FED AND ECB DELIVER AS EXPECTED BUT MARKETS STILL NERVOUS OF FURTHER HIKES

  • FED AND ECB DELIVER AS EXPECTED BUT MARKETS STILL NERVOUS OF FURTHER HIKES

    FED AND ECB DELIVER AS EXPECTED BUT MARKETS STILL NERVOUS OF FURTHER HIKES

    Data Sourced from FE Analytics, and Bloomberg Finance LP

    FED AND ECB DELIVER AS EXPECTED BUT MARKETS STILL NERVOUS OF FURTHER HIKES

    This week the Federal Reserve and European Central Bank delivered rate hikes as expected. By stating that rate decisions will be determined by the data, the outcome of these meetings was effectively settled some weeks ago. A more interesting topic is where rates go from here. There has been speculation about whether this is the end of the road for rate hikes in the US and Europe. However, the strong US GDP numbers and cooling EU data means this remains a live issue. US treasury yields were unmoved by Wednesday’s decision but climbed after the GDP numbers yesterday.

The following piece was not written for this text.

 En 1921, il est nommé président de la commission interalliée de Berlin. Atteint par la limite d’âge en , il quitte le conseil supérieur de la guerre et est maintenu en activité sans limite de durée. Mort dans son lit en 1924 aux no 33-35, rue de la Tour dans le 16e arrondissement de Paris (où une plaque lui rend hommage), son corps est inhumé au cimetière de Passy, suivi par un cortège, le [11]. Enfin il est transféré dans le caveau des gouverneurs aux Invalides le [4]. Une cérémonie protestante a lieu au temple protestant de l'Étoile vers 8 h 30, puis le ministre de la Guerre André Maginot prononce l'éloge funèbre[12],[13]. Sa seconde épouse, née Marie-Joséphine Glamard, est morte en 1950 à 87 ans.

    Only a few months ago, the ECB was widely seen as having further to go to tame inflation but cooling European economies means markets now expect US and European rates to peak at roughly the same point. Next week it is the turn of the Bank of England. Markets still see the UK as the outlier and are predicting rates will soon overtake the US and peak at a higher level. Sticking to the data-driven narrative gives central bankers room to manoeuvre if the environment changes. But this also allows room for markets to be caught out if surprising data demands a response.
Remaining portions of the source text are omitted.